Either one will work, I personally think the Viento switch is a gimmick with one more thing to go wrong. I used to own one. The Shimano Cuardo has proven itself over time with legendary smoothness, and reliability. 

Go with the Shimano. IMO


----------



## SMDave (Nov 7, 2007)

Supposedly the viento is one of the WORST cating reels out there. So go with the curado, many people would rather trade a G. Loomis than lose their curado (well, may be an over exaguration). Flat and simple, Shimano's are supposed to be the best reels out there! I want to get a Citica this Christmas.


----------



## Jim (Nov 7, 2007)

SMDave said:


> Supposedly the viento is one of the WORST cating reels out there. So go with the curado, many people would rather trade a G. Loomis than lose their curado (well, may be an over exaguration). Flat and simple, Shimano's are supposed to be the best reels out there! I want to get a Citica this Christmas.

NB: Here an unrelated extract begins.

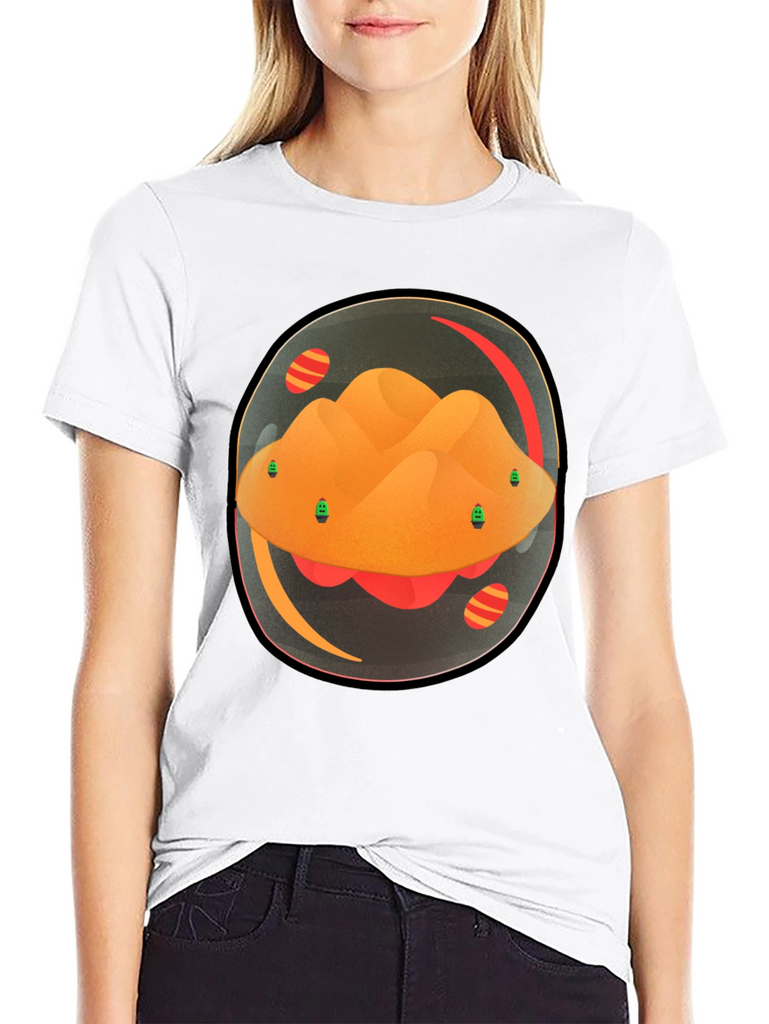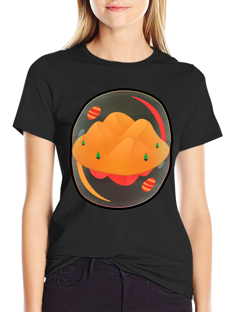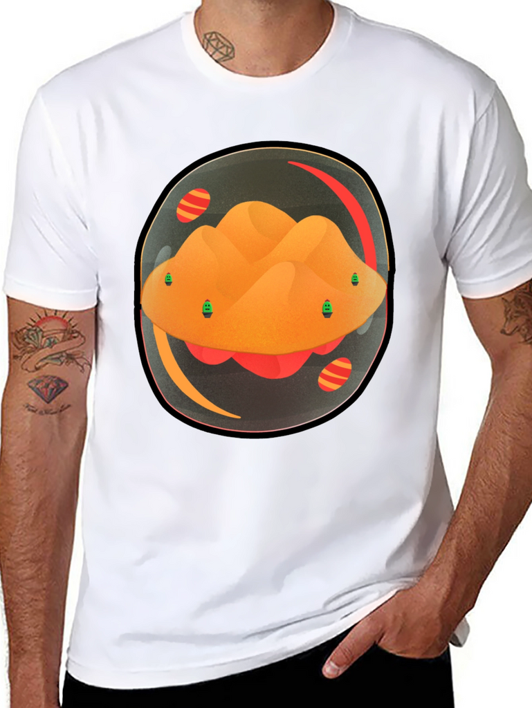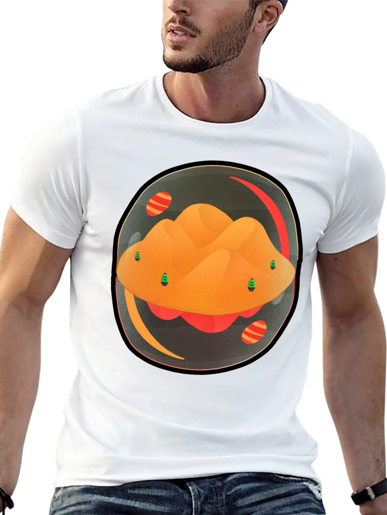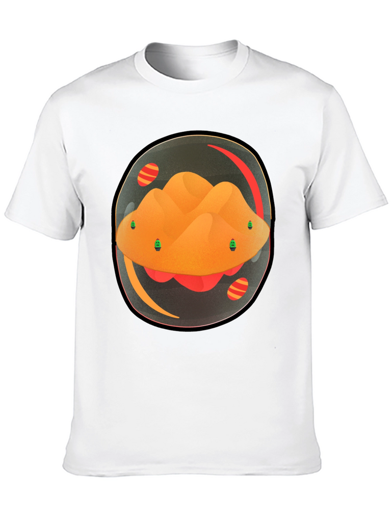 Explore the cosmos with this unique black t-shirt! Featuring a stylized graphic of a desert-like planet encapsulated in a bubble, this shirt is sure to turn heads. The design includes orange sand dunes, red accents, and whimsical plant life, evoking a sense of adventure and discovery. Made from a comfortable and durable fabric, it's perfect for everyday wear or a casual outing. Showcase your love for space and unique designs with this eye-catching t-shirt that blends comfort and style seamlessly. This shirt is a fantastic conversation starter and a great addition to any wardrobe.

The Viento actually casted pretty good, for the 1/2 ounce and higher stuff. I got it to try the twitching feature and never used it.


----------



## little anth (Nov 7, 2007)

i would no doubt go for the curado. best baitcaster ever made you wont be sorry


----------



## Nickk (Nov 7, 2007)

I have 4 Shimano and 1 Abu casting reel(STX), the Abu has magnetic brakes but I think I prefer the centrifugal brakes on the Shimanos. I have 3 Curados, a 201b-a 101b, and a 101d. All of them are great reels, smooth casting and easy to maintain.


----------



## RearFanged (Nov 7, 2007)

Well I went with the Shimano! It's a bigger reel and I really liked the oversized handles. Very smooth I can't wait to get this sucker on the water. The combo came with Bass Pro Shops Pro Qualifer rod. I went with Medium Heavy as I plan to do some inshore with it as well (Dieing to catch some snook and tarpin!!!). Also picked up some storm swimmer bait and a salt water spook. For line I went with P line and I also purchased 25lb floro for liters. I can't wait till christmas which is going to be a LONG wait now!!! Only plus size is this should give me plenty of time to start looking for some nice brackish water canals.

John


----------



## dampeoples (Nov 7, 2007)

I have the Japanese version of the Viento, which means it was an overpriced Viento with a different paint and handle, and a sissy drag  

It's one of the best casting reels I own, I toss weightless senkos with it, and other weightless plastics.


----------



## WVfishing (Nov 7, 2007)

the curado is the best choice, I have two myself and love them. I have also went to revos, they are also sweet, they will cast a small bait a country mile with little effort.


----------



## little anth (Nov 8, 2007)

just make sure you clean the reel good after the salt. not fun dealing with a good reel gone bad :roll:


----------



## shootisttx (Nov 9, 2007)

Abu Revo SX


----------



## micropterus (Nov 9, 2007)

I like Shimano but I got rid of my Curado SF and replaced it with a REVO. Since then, I've bought 4 more REVOS. I use REVOs for just about everything. I highly recommend them. Smooth, reliable, built tough, and casts a country mile.


----------